TransEuropa Ferries ceased operations on 18 April 2013 and filed for bankruptcy on 25 April 2013. Since 2013, there have been no ferry services from Ramsgate.

In October 2017, it was announced that Seaborne Freight would operate an Ostend - Ramsgate ro-ro freight ferry service from March using three ships, including the MS Nord Pas-de-Calais. On 22 December 2018, the company was awarded a £13.8 million contract to run ferry services between Ramsgate and Ostend to lessen the consequences of probable capacity constraints on the Dover - Calais route after 29 March 2019 in the case of a no-deal Brexit. The contract was cancelled by the Department for Transport on 9 February 2019 after Arklow Shipping, reported to be Seaborne's backer, pulled out.
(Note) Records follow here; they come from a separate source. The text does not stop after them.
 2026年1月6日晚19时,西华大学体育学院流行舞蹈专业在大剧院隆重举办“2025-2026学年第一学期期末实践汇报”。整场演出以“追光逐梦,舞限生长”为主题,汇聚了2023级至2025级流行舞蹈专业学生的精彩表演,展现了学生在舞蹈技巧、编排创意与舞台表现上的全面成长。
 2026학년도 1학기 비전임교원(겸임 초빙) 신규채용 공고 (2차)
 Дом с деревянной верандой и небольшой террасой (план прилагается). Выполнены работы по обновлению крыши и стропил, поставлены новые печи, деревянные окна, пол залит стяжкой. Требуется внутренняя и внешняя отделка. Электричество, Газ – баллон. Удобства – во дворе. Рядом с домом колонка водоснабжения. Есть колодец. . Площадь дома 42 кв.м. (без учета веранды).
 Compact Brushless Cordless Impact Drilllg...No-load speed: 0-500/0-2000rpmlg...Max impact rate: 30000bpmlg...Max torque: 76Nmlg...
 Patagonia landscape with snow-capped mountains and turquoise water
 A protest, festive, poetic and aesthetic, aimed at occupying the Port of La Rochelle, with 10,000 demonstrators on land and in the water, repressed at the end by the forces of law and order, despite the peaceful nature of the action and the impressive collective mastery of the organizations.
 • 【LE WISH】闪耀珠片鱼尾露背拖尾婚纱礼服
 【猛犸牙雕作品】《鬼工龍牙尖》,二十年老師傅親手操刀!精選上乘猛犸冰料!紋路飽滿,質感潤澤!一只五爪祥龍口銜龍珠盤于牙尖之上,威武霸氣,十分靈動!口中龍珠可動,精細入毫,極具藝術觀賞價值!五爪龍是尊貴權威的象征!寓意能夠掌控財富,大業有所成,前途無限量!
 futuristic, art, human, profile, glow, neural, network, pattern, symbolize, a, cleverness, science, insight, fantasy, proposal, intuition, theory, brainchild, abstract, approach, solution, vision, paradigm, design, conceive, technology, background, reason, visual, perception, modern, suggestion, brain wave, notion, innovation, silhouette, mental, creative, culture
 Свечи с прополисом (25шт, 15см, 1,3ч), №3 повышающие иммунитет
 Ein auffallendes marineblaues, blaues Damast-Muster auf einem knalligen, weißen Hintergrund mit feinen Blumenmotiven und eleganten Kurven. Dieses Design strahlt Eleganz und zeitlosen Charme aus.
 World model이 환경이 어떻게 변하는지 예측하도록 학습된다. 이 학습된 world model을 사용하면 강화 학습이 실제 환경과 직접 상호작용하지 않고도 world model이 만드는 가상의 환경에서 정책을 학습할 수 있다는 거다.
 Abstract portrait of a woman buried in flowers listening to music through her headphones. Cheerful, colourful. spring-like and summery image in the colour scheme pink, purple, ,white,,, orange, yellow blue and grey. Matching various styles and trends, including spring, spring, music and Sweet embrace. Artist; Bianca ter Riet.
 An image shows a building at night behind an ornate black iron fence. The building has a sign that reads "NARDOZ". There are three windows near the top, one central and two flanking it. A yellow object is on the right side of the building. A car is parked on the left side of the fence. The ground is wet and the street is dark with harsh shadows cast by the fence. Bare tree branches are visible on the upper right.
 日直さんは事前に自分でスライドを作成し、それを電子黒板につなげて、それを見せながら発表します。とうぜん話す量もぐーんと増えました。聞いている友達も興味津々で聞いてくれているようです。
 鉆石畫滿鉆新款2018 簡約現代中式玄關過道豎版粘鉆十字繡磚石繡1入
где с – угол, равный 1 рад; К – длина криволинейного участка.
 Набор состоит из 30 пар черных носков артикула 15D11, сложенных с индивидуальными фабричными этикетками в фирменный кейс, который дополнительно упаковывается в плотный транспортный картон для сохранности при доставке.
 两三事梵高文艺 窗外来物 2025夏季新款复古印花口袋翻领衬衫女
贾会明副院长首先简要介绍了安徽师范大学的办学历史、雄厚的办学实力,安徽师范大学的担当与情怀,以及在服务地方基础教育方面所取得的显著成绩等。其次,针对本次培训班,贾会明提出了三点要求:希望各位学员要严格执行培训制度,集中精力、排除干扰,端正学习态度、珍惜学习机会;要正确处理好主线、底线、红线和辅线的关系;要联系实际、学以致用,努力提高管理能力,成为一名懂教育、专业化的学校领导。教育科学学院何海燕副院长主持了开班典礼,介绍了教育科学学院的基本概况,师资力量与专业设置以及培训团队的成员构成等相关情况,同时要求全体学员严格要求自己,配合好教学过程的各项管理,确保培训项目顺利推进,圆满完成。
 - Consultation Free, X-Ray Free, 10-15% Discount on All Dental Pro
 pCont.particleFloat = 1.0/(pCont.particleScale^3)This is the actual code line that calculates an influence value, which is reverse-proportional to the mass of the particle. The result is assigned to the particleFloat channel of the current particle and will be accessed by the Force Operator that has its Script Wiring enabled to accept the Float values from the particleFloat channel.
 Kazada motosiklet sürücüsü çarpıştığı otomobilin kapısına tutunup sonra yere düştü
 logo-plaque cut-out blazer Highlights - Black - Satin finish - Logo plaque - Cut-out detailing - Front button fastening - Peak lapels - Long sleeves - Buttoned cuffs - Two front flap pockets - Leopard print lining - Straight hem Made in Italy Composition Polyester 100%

Following the end the joint venture between Sally Line and Holyman in 1998, the Ramsgate - Ostend high speed service was relocated to Dover and jointly operated by Holyman with Hoverspeed. This service ceased upon closure of Hoverspeed in 2005.

The Dartford - Vlissingen route was taken over by Jacobs Holdings subsidiary; Dart Line in January 1996. Jacobs was owned by former Sally Line executive; Michael Kingshott. Dart Line moved the service to Shell Haven in 2000.